Introduction The mortality associated with weekend admission to hospital (the ‘weekend effect’) has for many years been attributed to deficiencies in quality of hospital care, often assumed to be due to suboptimal senior medical staffing at weekends. This protocol describes a case note review to determine whether there are differences in care quality for emergency admissions (EAs) to hospital at weekends compared with weekdays, and whether the difference has reduced over time as health policies have changed to promote 7-day services.

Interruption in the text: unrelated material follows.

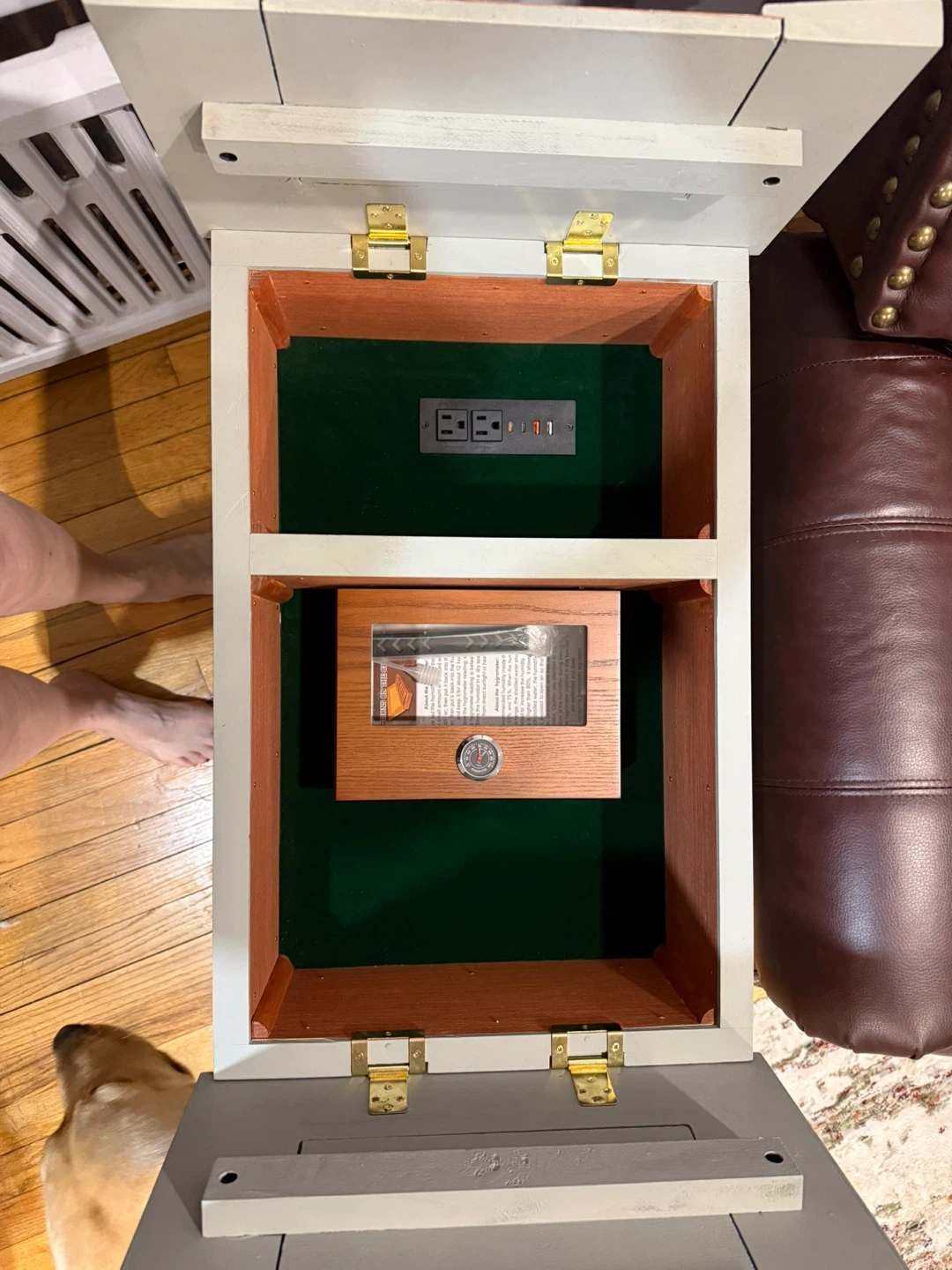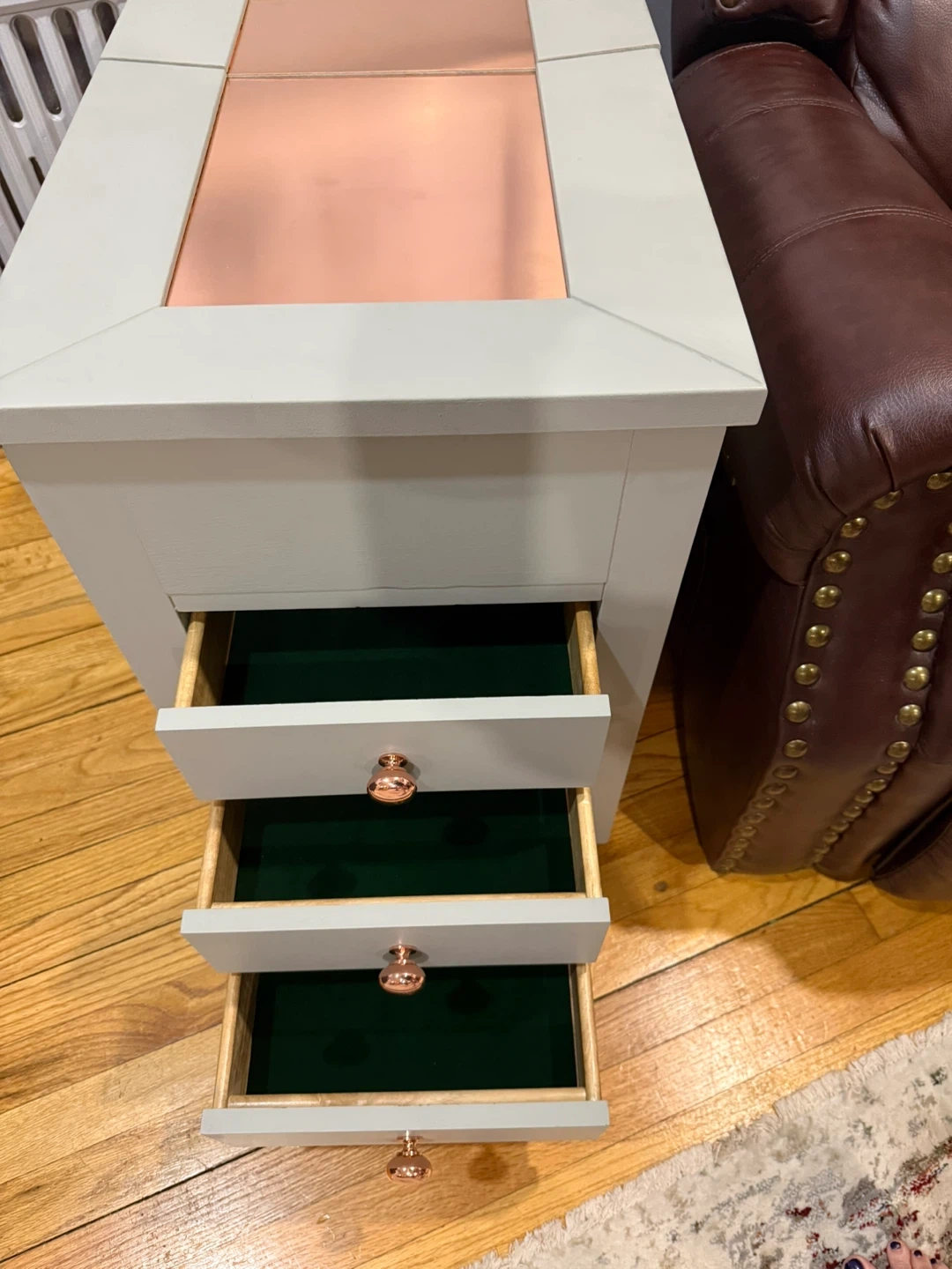 This grey side/end table features a copper inlay on the top. It has three drawers with copper knobs and a hidden compartment with built-in power outlets and USB ports. Great for keeping devices charged and organized!

Methods and analysis Cross-sectional two-epoch case record review of 20 acute hospital Trusts in England. Anonymised case records of 4000 EAs to hospital, 2000 at weekends and 2000 on weekdays, covering two epochs (financial years 2012–2013 and 2016–2017). Admissions will be randomly selected across the whole of each epoch from Trust electronic patient records. Following training, structured implicit case reviews will be conducted by consultants or senior registrars (senior residents) in acute medical specialities (60 case records per reviewer), and limited to the first 7 days following hospital admission. The co-primary outcomes are the weekend:weekday admission ratio of errors per case record, and a global assessment of care quality on a Likert scale. Error rates will be analysed using mixed effects logistic regression models, and care quality using ordinal regression methods. Secondary outcomes include error typology, error-related adverse events and any correlation between error rates and staffing. The data will also be used to inform a parallel health economics analysis.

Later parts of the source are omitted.